=== Provided data ===
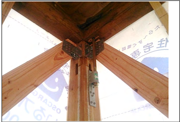
耐震金物施工状況 (耐震性能に伴う構造金物施工の一部) ※リビング付近
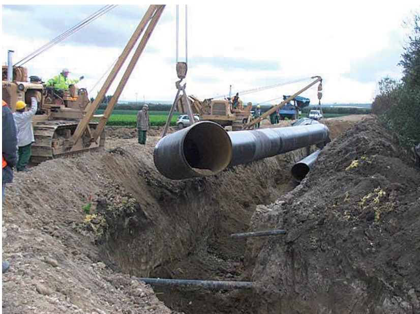
LAVORI DELL'ACQUEDOTTO DEL LOCONO

Il piano viene definito sulla base delle priorità, quindi prevedendo in primo luogo quegli interventi che permettono di sanare le situazioni più critiche. Al tempo stesso, cerchiamo di andare oltre il contingen-
===
__What is expected__. Once the pictures are dropped, please print every remaining line of the material verbatim.

__Answer to this problem__.
耐震金物施工状況 (耐震性能に伴う構造金物施工の一部) ※リビング付近
LAVORI DELL'ACQUEDOTTO DEL LOCONO

Il piano viene definito sulla base delle priorità, quindi prevedendo in primo luogo quegli interventi che permettono di sanare le situazioni più critiche. Al tempo stesso, cerchiamo di andare oltre il contingen-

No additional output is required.